→ Aim of the task
Going through the material below, output exactly the lines from the one containing "Krijg 1 gratis" through the one containing "Платье - шифон, жакет", and no pictures.

→ Dataset entries
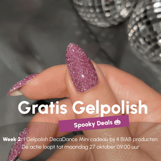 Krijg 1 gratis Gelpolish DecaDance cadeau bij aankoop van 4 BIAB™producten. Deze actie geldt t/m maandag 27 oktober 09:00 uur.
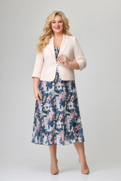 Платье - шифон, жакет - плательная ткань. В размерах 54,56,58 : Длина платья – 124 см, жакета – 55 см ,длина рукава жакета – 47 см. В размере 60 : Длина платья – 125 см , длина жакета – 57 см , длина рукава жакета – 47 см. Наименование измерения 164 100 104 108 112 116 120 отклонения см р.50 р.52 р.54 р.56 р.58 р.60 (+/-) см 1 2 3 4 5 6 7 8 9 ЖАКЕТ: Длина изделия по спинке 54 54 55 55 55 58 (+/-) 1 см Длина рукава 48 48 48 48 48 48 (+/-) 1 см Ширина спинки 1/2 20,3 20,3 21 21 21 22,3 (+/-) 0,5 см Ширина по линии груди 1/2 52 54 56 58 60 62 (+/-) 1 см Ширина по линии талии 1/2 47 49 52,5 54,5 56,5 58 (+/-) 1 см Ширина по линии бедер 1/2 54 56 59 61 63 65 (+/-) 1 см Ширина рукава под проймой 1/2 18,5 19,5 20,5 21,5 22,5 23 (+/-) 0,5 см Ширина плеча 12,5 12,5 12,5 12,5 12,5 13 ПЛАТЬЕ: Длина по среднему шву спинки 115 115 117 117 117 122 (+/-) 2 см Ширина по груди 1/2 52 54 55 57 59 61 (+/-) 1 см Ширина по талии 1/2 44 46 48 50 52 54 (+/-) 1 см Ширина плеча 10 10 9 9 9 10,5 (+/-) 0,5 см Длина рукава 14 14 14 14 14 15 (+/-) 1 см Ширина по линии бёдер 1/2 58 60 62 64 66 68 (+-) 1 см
--
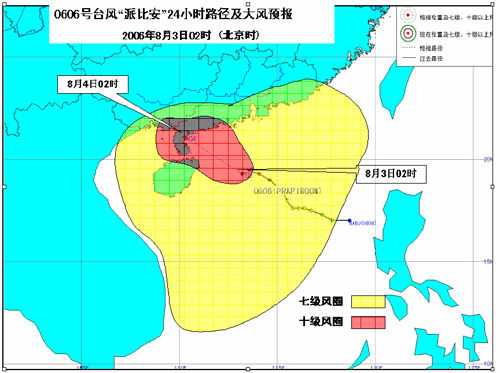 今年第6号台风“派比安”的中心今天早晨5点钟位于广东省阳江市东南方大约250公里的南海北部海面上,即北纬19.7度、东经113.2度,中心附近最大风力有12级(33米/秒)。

→ Your solution
 Krijg 1 gratis Gelpolish DecaDance cadeau bij aankoop van 4 BIAB™producten. Deze actie geldt t/m maandag 27 oktober 09:00 uur.
 Платье - шифон, жакет - плательная ткань. В размерах 54,56,58 : Длина платья – 124 см, жакета – 55 см ,длина рукава жакета – 47 см. В размере 60 : Длина платья – 125 см , длина жакета – 57 см , длина рукава жакета – 47 см. Наименование измерения 164 100 104 108 112 116 120 отклонения см р.50 р.52 р.54 р.56 р.58 р.60 (+/-) см 1 2 3 4 5 6 7 8 9 ЖАКЕТ: Длина изделия по спинке 54 54 55 55 55 58 (+/-) 1 см Длина рукава 48 48 48 48 48 48 (+/-) 1 см Ширина спинки 1/2 20,3 20,3 21 21 21 22,3 (+/-) 0,5 см Ширина по линии груди 1/2 52 54 56 58 60 62 (+/-) 1 см Ширина по линии талии 1/2 47 49 52,5 54,5 56,5 58 (+/-) 1 см Ширина по линии бедер 1/2 54 56 59 61 63 65 (+/-) 1 см Ширина рукава под проймой 1/2 18,5 19,5 20,5 21,5 22,5 23 (+/-) 0,5 см Ширина плеча 12,5 12,5 12,5 12,5 12,5 13 ПЛАТЬЕ: Длина по среднему шву спинки 115 115 117 117 117 122 (+/-) 2 см Ширина по груди 1/2 52 54 55 57 59 61 (+/-) 1 см Ширина по талии 1/2 44 46 48 50 52 54 (+/-) 1 см Ширина плеча 10 10 9 9 9 10,5 (+/-) 0,5 см Длина рукава 14 14 14 14 14 15 (+/-) 1 см Ширина по линии бёдер 1/2 58 60 62 64 66 68 (+-) 1 см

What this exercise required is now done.